Infinitely Losing My Edge
Yeah, I'm losing my edge.
I'm losing my edge.
The kids are coming up from behind.
I'm losing my edge.
I'm losing my edge to the kids from Namibia and from Winnipeg.
But I was there.
I was there in 1975.
I was there at the first Throbbing Gristle show in London.
I'm losing my edge.
I'm losing my edge to the kids whose footsteps I hear when they get on the decks.
I'm losing my edge to the internet seekers who can tell me every member of every good group from 1962 to 1979.
I'm losing my edge.
To all the kids in Manila and Lyon.
I'm losing my edge to the art-school Houston kids in little jackets and borrowed nostalgia for the unremembered nineties.
I'm losing my edge.
I'm losing my edge.
I can hear the footsteps every night on the decks.
But I was there.
I was there in 1970 at the first Onyeabor practice in a loft in Enugu.
I was working on the clarinet sounds with much patience.
I was there when Lou Reed started up his first band.
I told him, "Don't do it that way. You'll never make a dime."
I was there.
I was the first guy playing Gang of Four to the grime kids.
I played it at the Roxy.
Everybody thought I was crazy.
We all know.
I was there.
I was there.
I've never been wrong.
But I'm losing my edge to better-looking people with better ideas and more talent.
And they're actually really, really nice.
I'm losing my edge.
I heard you have a compilation of every good song ever done by anybody.
Every great song by N.O.R.E. Featuring Pharrell. All the underground hits.
All Jerry Gold Smith tracks. I heard you have a vinyl of every Rites of Spring record on German import.
I heard that you have a white label of every seminal grime hit - 1985, '86, '87.
I heard that you have a CD compilation of every good '70s cut and another box set from the '70s.
I hear you're buying an arpeggiator and a harpsichord and are throwing your macbook out the window because you want to make something real. You want to make a Electric Prunes record.
I hear that you and your band have sold your sitar and bought an arpeggiator.
I hear that you and your band have sold your arpeggiator and bought a sitar.
I hear everybody that you know is more relevant than everybody that I know.
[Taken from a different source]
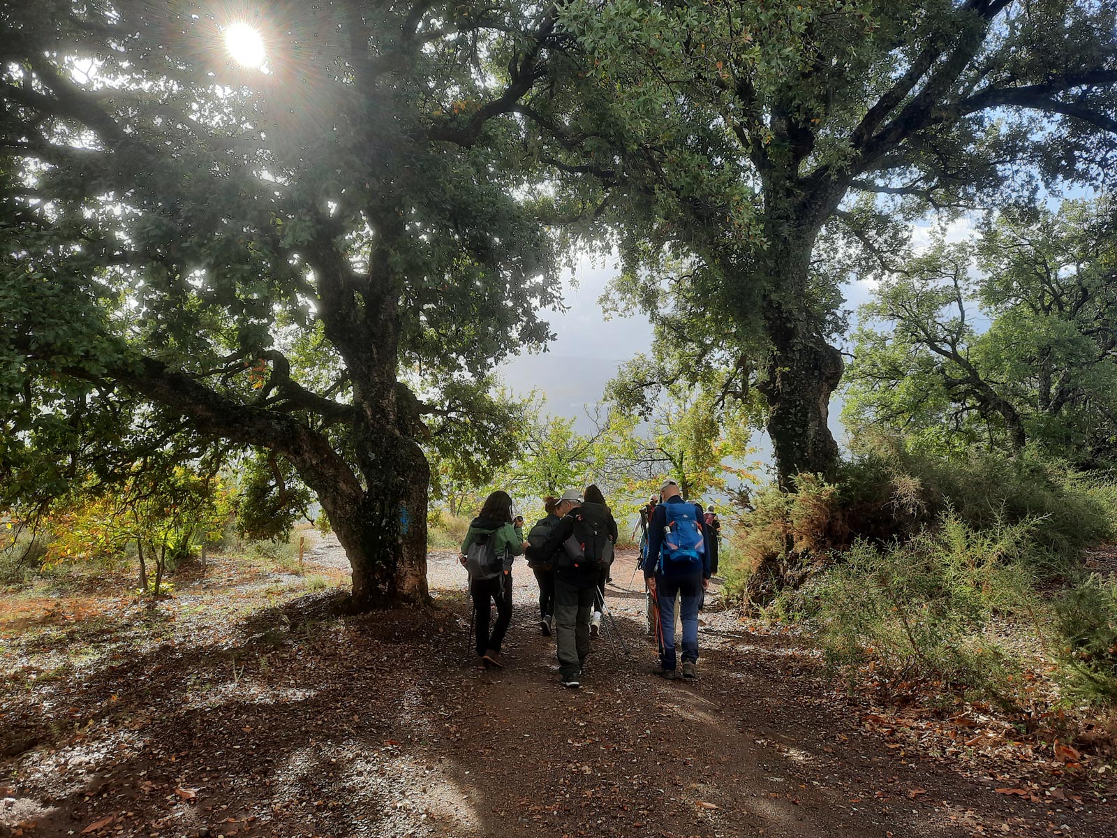 Seguidamente iniciamos la marcha atravesando el centro del pueblo, pasando por la Iglesia de Cartajima y el Ayuntamiento, para enlazar en sentido descendente con el Camino del Helechar, señalizado como Sendero PR-A 224 (Cartajima-Pujerra). En el primer kilómetro pasamos junto a un Área Recreativa, que dejamos a nuestra izquierda, y casi sin darnos cuenta pronto nos sumergimos en un precioso castañar que discurre entre fuertes desniveles, y salpicado a veces por encinas, cerezos, madroños, quejigos centenarios, alcornoques y olivos.

But have you seen my records?
Nils Olav,
ABC,
Jeff Lynne,
Sun Ra Arkestra,
Chrome,
Robert Wyatt,
Shuggie Otis,
Ultravox,
Y Pants,
Lucky Dragons,
Inner City,
the Swans,
Second Layer,
It's A Beautiful Day,
Erasure,
Röyhkä ja Rättö ja Lehtisalo,
Rhythim Is Rhythim,
Subhumans,
Barrington Levy,
Jerry Gold Smith,
Robert Hood,
Dark Day,
Kayak,
Orchestral Manoeuvres in the Dark,
CMW,
Sister Nancy,
June of 44,
Barclay James Harvest,
Siouxsie and the Banshees,
Kerrie Biddell,
Roy Ayers Ubiquity,
Scientists,
Eli Mardock,
Eyeless In Gaza,
Danielle Patucci,
Lizzy Mercier Descloux,
Susan Cadogan,
Mary Jane Girls,
Camberwell Now,
Girls At Our Best!,
Main Source,
Flash Fearless,
Bootsy Collins,
Negative Approach,
Red Lorry Yellow Lorry,
Lyres,
Kerri Chandler,
The Electric Prunes,
The Gories,
Desert Stars,
Pierre Henry,
Oblivians,
Sandy B,
The Evens,
Black Flag,
Beasts of Bourbon,
the Fania All-Stars,
Bootsy's Rubber Band,
Marc Romboy vs. Booka Shade,
The Misunderstood,
Country Joe & The Fish,
Sad Lovers and Giants, Sad Lovers and Giants, Sad Lovers and Giants, Sad Lovers and Giants.
You don't know what you really want.
You don't know what you really want.
You don't know what you really want.
You don't know what you really want.
You don't know what you really want.
You don't know what you really want.
You don't know what you really want.
You don't know what you really want.
You don't know what you really want.
You don't know what you really want.
You don't know what you really want.
You don't know what you really want.
You don't know what you really want.
You don't know what you really want.
You don't know what you really want.